La Iglesia ha tenido buen cuidado, desde hace siglos, de llamar “fideísmo” al error de creer que la fe va contra la razón y que, por tanto, para tener aquélla, hay que violentar ésta.
La fe es, desde luego, un don sobrenatural, una gracia de Dios, pero es una gracia que Dios da, de antemano, a todo el que se bautiza. (Y recuerdo aquí algo que es a veces clamorosamente olvidado: además del bautismo de agua, existe el bautismo de deseo y de sangre. Para más información al respecto, basta con referirse al Catecismo de la Iglesia católica. Nº 1260). Lo que ocurre es que ese don, esa gracia, necesita, para vivir, de un acto libre de la voluntad. Y este acto libre de la voluntad necesita de la razón. Es decir, tiene que ser un sí racional, razonable. Por eso hay un dicho que afirma que la fe es un don razonable.
Lo que pasa es que en este mundo, supuestamente ilustrado, en el que vivimos, la inmensa mayoría de la gente confunde lo racional con el racionalismo. De una manera concisa, el racionalismo es una manera de ver la realidad que afirma que sólo se puede creer en lo que se pueda demostrar con una cadena de silogismos que acabe en un categórico e inapelable “quod erat demostrandum”. Esto, desde luego, es una simpleza, porque ni el racionalista más acérrimo sería capaz de demostrar la mayoría de las cosas que sustentan su vida. ¿Podría demostrarse al modo racionalista el amor de los hijos a los padres o de un matrimonio enamorado tras cuarenta años, o la confianza en un viejo amigo? Desde luego que no. Y, a menos que además de racionalista se sea un misántropo, todo el mundo basa en esas cosas indemostrables su vida que, sin algunas de esas certidumbres, sería intolerable.
Porque el racionalismo, como muchos otros errores del pensamiento, se equivoca al tomar la parte por el todo, la razón por el hombre completo. El hombre es racional, pero no es sólo razón y lo racional es buscar respuestas que satisfagan a todo el hombre y no sólo a su razón.
Pero volvamos al don razonable de la fe. Es evidente que mediante el uso de silogismos no podemos llegar a demostrar que existe un Dios Único y tres veces personal, que una de esas Personas se ha encarnado en Jesucristo, que lo ha hecho en María, concebida sin pecado original, etc. Todas estas son cosas que nos vienen por la Revelación. Pero sí podemos, desde ellas, encontrar su lógica, la de todas ellas. Y el resultado es algo que no sólo salva la razón, sino que salva todas las más hondas apetencias de amor que hay en el hombre, incluso en el hombre racionalista.

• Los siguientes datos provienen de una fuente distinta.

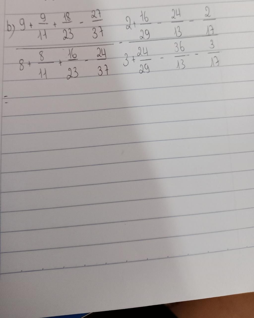 `b) (9 + 9/11+ 18/23- 27/37)/(8 + 8/11 + 16/23 - 24/37) - (2 + 16/29 -24/13 - 2/17)/(3 + 24/29 - 36/13 - 3/17)`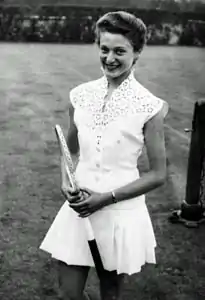 Angela Buxton (16 August 1934 – 14 August 2020)[2] was a British tennis player. She won the women's doubles title at both the French Championships and Wimbledon in 1956 with her playing partner Althea Gibson.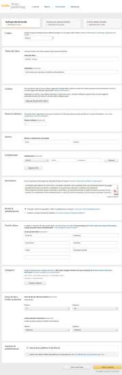 Per la pubblicazione della versione eBook Kindle, esistono le tre sezioni Dettagli eBook Kindle, Contenuto eBook Kindle e Prezzi eBook Kindle in cui si inseriscono le informazioni richieste: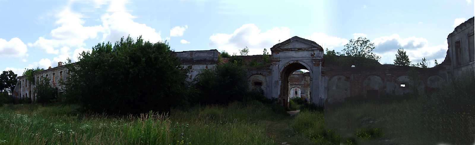 2011 р. Панорама із заходу Розмір зображення: 1600:489 піксел 26 червня 2011 р. Фото М.І.Жарких. Вкладені елементи Північний корпус Ліва частина західного корпусу Права частина західного корпусу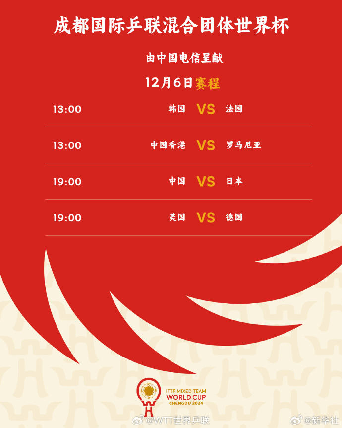 2024年成都混合团体世界杯6日赛程公布。一起为国乒加油!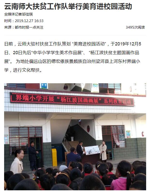 上一条:中国青年报 2019-12-30 云南师大扶贫工作队为驻村小学校举办国画展 下一条:春城晚报 2019-12-27 云师大扶贫工作队举行美育进校园活动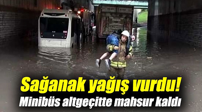 Sağanak yağış vurdu! Minibüs altgeçitte mahsur kaldı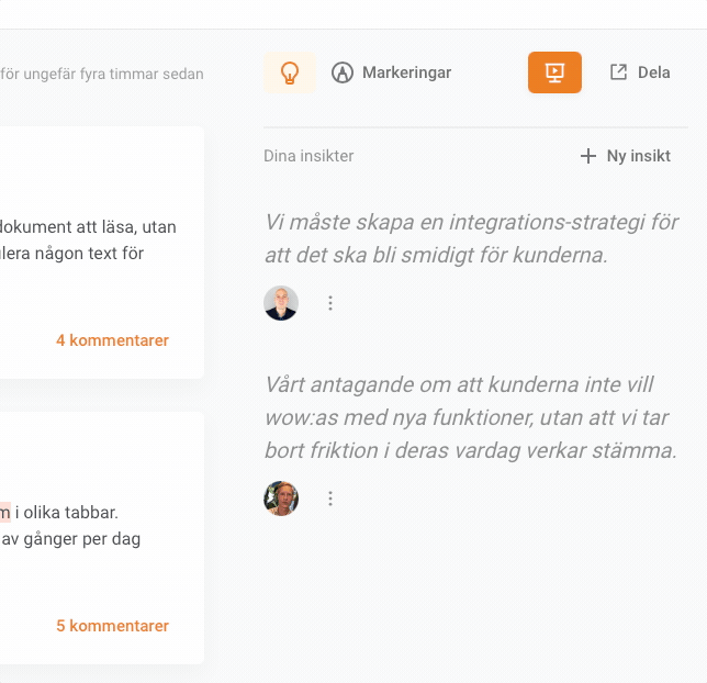 En ny smart funktion är att du nu kan markera textstycken i olika färger, så att du lätt kan kategorisera insikter och dela dem med rätt person i organisationen. Du kan även dölja markeringar från rapporten. - Det är du som väljer vad som ska synas och inte!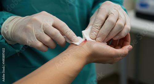 Doctor hands treating small wound on patient arm, Medical procedure close-up, Injury care process, Healthcare professional hands, First aid application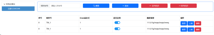 左侧显示所有边缘仪的设备树形导航,右侧顶部为查询条件区(时控号输入框+搜索+添加+正向同步+反向同步按钮),下方为定时任务配置表格(序号、时控号、Cron表达式、启用标识、触发场景、操作列),支持分页浏览和模态框编辑。启用标识使用开关按钮展示,表格按itemIndex字段排序显示。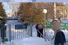 Юнармейцы нашей школы очистили территорию памятника от снега.

Empecemos por la existencia de un Dios personal. Ya he expuesto en una larga serie de entradas en este blog por qué es enormemente más razonable creer en un Dios personal y bueno antes que en el ciego azar como causa del mundo en el que vivimos. No repetiré aquí nada de aquello. Y una vez establecido esto como premisa mayor, la Revelación nos dice algo silogísticamente indemostrable: Que ese Dios es una relación de amor entre dos personas y que esa relación es, a su vez, persona, la tercera persona en concordia. Este dato revelado, le hace a la inteligencia gritar ¡eureka! al encontrar en el Amor de las Personas divinas una razón para la creación –razón buscada silogísticamente, y no encontrada, por Aristóteles. Y es la razón la que nos lleva de la mano a la necesidad de la libertad del ser amado para poder devolver amor al Amor. Porque es razonable pensar que sólo se puede amar desde la libertad.

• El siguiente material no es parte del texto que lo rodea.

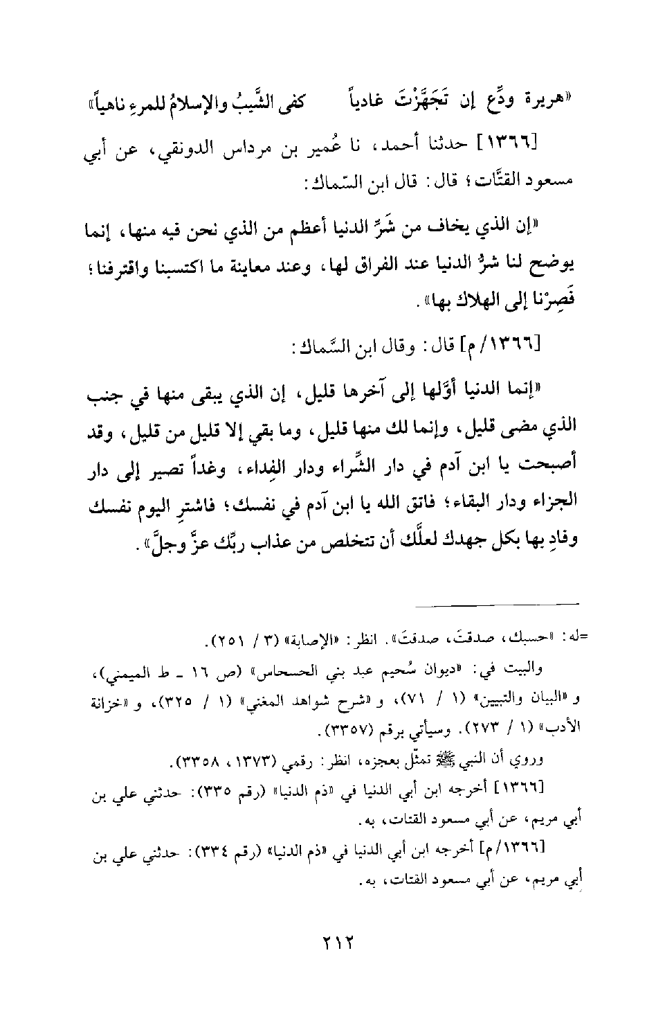 1366 - حَدَّثَنَا أَحْمَدُ، نَا عُمَيْرُ بْنُ مِرْدَاسٍ الدُّونَقِيُّ، عَنْ أَبِي مَسْعُودٍ الْقَتَّاتِ؛ قَالَ: قَالَ ابْنُ السَّمَّاكِ: إِنَّ الَّذِي يُخَافُ مِنْ شَرِّ الدُّنْيَا أَعْظَمُ مِنَ الَّذِي نَحْنُ فِيهِ مِنْهَا، إِنَّمَا يُوضَحُ لَنَا شَرُّ الدُّنْيَا عِنْدَ الْفِرَاقِ لَهَا، وَعِنْدَ مُعَايَنَةِ مَا اكْتَسَبْنَا وَاقْتَرَفْنَا؛ فَصِرْنَا إِلَى الْهَلاكِ بِهَا.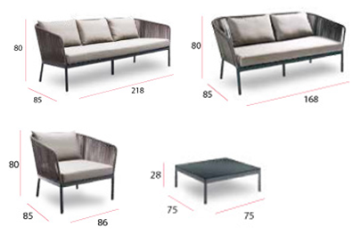Elegantní a stylová zahradní sedací suprava Bergen je typickým příkladem toho, jakým směrem se momentálně posouvá design zahradních sedacích souprav. Často používaný umělý ratan sa začíná nahrazovat syntetickými lany, která dodávají sedacím soupravám nový, elegantnější rozměr. Zahradní sedací souprava Bergen má hliníkovou konstrukci, která je ovinutá už zmíněným syntetickým lanem. Pohodlné podsedáky jsou ze 100% polyesterové látky, jsou voděodolné a snímatelné. Stolek má také hliníkovou konstrukci, stolová deska může být z tvrzeného skla nebo 12mm HPL Compact.

Nada más razonable que pensar que esa necesaria libertad implicaba un riesgo de mal uso y que un Dios de amor tiene que tener un plan B de contingencia para ese caso. ¿Quién de nosotros no lo tiene cuando se embarca en una actividad de riesgo? Pero además –como establece magníficamente el Papa Benedicto XVI en una lección de sus audiencias que publiqué como anexo a una entrada mía anterior, de 15 de Mayo de este año, tituada "La bondad de Dios y el mal de la ciega naturaleza"–, el pecado original es la única explicación del mal que no nos condena a su irremediabilidad. Responde, por tanto, a la lógica y al ansia de bien del ser humano. Cabeza y corazón.

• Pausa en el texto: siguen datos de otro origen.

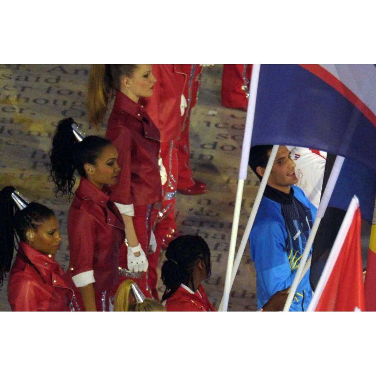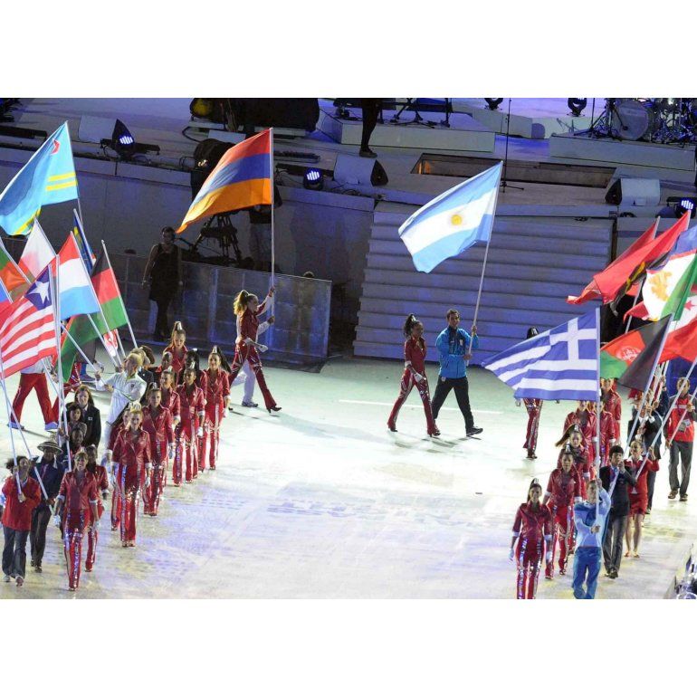 Sebastián Crismanich, único atleta argentino en conseguir una medalla de oro en estos juegos, ingresó al estadio Olímpico de Londres en medio de la ceremonia junto a los demás abanderados, que representaron a las naciones participantes.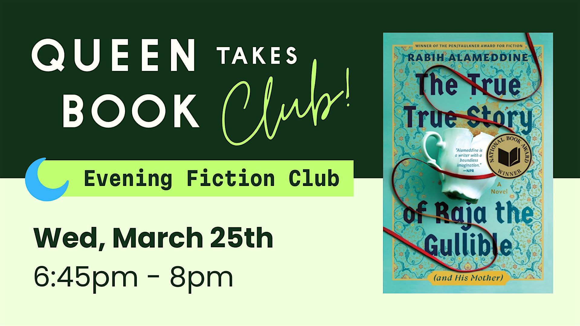 by admin13Feb Evening Fiction Club – March ’26 at Queen Takes Book – Columbia, MD Evening Fiction Club – March ’26 at Queen Takes Book – Columbia, MD 2 2 people viewed this event. Join us on Wed, Mar 25th at 6:45pm. This month we’ll be reading “The True True Story of Raja the Gullible (and His Mother)”. Tickets-RSVP Link Date And Time Wednesday, March 25th, 2026 10:00 PM (PST) Venue Queen Takes Book Location 6955 Oakland Mills Road, Columbia, MD 21045 Event Types Party or Social Gathering Event Category BaltimoreMaryland Share With Friends Facebook Twitter Linkedin Xing Pinterest Share This Post:

Que ese Dios revele su plan B al hombre, de una forma didáctica, histórica, paulatina y adaptada a su situación en cada momento histórico, es algo totalmente lógico. ¿Sería más lógico, sentadas las premisas mayores anteriores, que nos dejase en las tinieblas? Me parece que no. Y es, por tanto razonable reconocer la autoridad de las Escrituras como dato de partida. Desde luego, que ese plan B sea, nada menos que la entrada en la historia, como hombre, de una de las Personas de ese Dios que creó al hombre por amor, es, ciertamente, alucinante, porque nos enseña la profundidad de ese amor. Es, desde luego mucho más de lo que le podríamos exigir o, incluso de lo que nos podríamos atrever a soñar o, siquiera, imaginar. Pero, ¿no es esa la lógica de un amor infinito?
Llegados a este punto, que decidiese hacerlo a través de una mujer y que preservase a esa mujer de ese pecado que introdujo el mal en el mundo, parece una decisión muy sensata y razonable. El Bien no podía entrar en el mundo más que sin lo que causó el mal. Y nuevamente esta es una lógica que abarca a todo lo que es el hombre no sólo a su razón, al todo, no sólo a la parte.
Seguramente podría seguir avanzando en la razonabilidad de todos y cada uno de los dogmas cristianos, pero no se trata de aburrir con esa larga lista. Sin embargo esto nos enseña una forma de usar la razón diferente del método racionalista. Nuestra inteligencia es tan sólo cemento. El cemento es un material indispensable para la construcción de una casa, pero no se puede construir una con sólo cemento. Los materiales que le dan su sostenibilidad son otros; vigas, ladrillos, piedras, etc. que no son reductibles a cemento. Lo mismo pasa con la fe. No puede construirse con sólo la razón, necesita otros elementos que sin ser reductibles a la razón, son sin embargo razonables. La Revelación es uno de ellos. El testimonio de millones de santos es otro. Un dato de experiencia que requiere una explicación.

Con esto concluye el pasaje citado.